The graph before and after vertical asymptote quickly gets almost parallel to the y-axis.
Hope this is helpful.
Source: https://www.khanacademy.org/math/algebra2/rational-expressions-equations-and-functions/discontinuities-of-rational-functions/v/discontinuities-of-rational-functions
Two functions are typically defined to be equal if and only if they...
- Share the same domain
- Share the same codomain
- Take on the same values for each input.
Thus, functions $f,g : S \to T$ for sets $S,T$ have $f=g$ if and only if $f(x) = g(x)$ for all $x$ in $S$.
For functions with holes, we typically restrict the domain by ensuring the values where the function is not defined at not included. For example, in the functions you have, you have
$$f(x) = \frac{(x-3)(x+2)}{(x-3)} \;\;\;\;\; g(x) = x+2$$
Are these equal? Yes, and no.
A function must be defined at all values of the domain. Thus, we can say $3$ is not in the domain of $f$ for sure. But we never specified otherwise the domains and codomains of these functions! Typically, unless stated otherwise, we often assume their domain to be $\Bbb R$ or $\Bbb C$, minus whatever points are causing problems - and of course, in such cases, $f \neq g$ since $f(3)$ is not defined, and thus $f$ normally has domain $\Bbb R \setminus \{3\}$ and $g$ generally has domain $\Bbb R$.
But that restriction is not necessary. For example, we could define the functions to be $f,g : \Bbb R \setminus \Bbb Q \to \Bbb R$. Notice that the domain of both functions are now all real numbers except rational numbers, i.e. the irrational numbers. This means $3$ is not in the domain of either function - and since that's the only "trouble spot," and the codomains are equal, and the values are equal at each point in the domain, $f=g$ here.
Or even more simply: we could have $\Bbb R \setminus \{3\}$ be the domain of $f$ and $g$ and again have equality!

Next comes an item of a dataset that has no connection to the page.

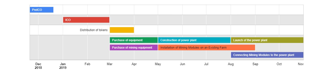 Future Energy will spend a part of the funds raised during the ICO on the purchase of ASIC miners with a total capacity of 14,500 th (the capacity will depend on the amount collected during the ICO). ECOMINING will work on clean eco energy, for which you will not have to pay. The Bitcoins will be distributed on the basis of a smart-contract by the following principle: 80% of Bitcoins production will be distributed among ECOMINING members, and 20% will be spent on maintenance, repair and purchase of new equipment. The Bitcoin distribution will occur on the 1st day of each month.

The key point in all this is that, just because $f$ or $g$ do attain defined values for certain inputs, doesn't mean they have to be in the domain.
In short, whether $f=g$ depends on your definitions of each. Under typical assumptions, $f \neq g$ in this case, but if we deviate from those assumptions even a little we don't necessarily have inequality.
Best Answer
You clearly understand the algebra, and the idea behind "removable singularity". The definition of the domain is a little subtle (and usually not particularly important, given your understanding).

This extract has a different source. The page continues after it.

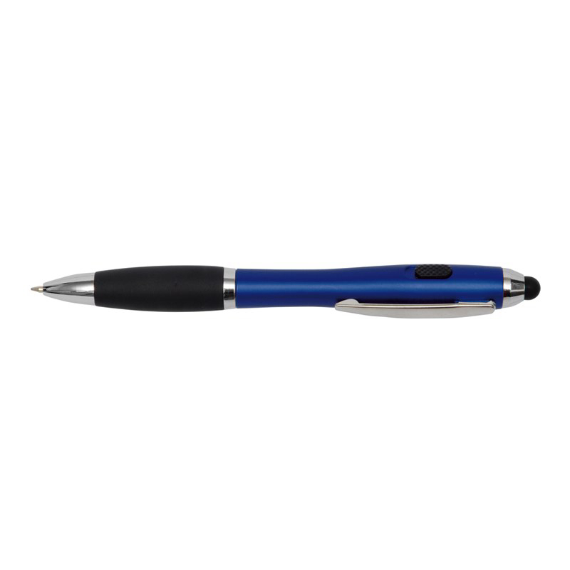 Кулькова ручка SWAY LUX з поворотним механізмом, білим світлодіодом для освітлення гравіювання, вимикачем підсвічування LED, зі стилусом для сенсорних екранів смартфонів і планшетів, сині чорнило.

The expressions on the right in
$$f(x) = \frac{x-2}{(x-2)(x+2)}$$
and
$$g(x) = \frac{1}{x+2}$$
define the same function where both make sense. That function has an unremovable singularity at $x=-2$.
The domain of $g$ contains the point $x=2$; the domain of $f$ does not, so strictly speaking they are not the same function. But the limit of $f$ at $x=2$ does exist, and has value $g(2) = 1/4$. That's exactly what we mean when we say the singularity is removable.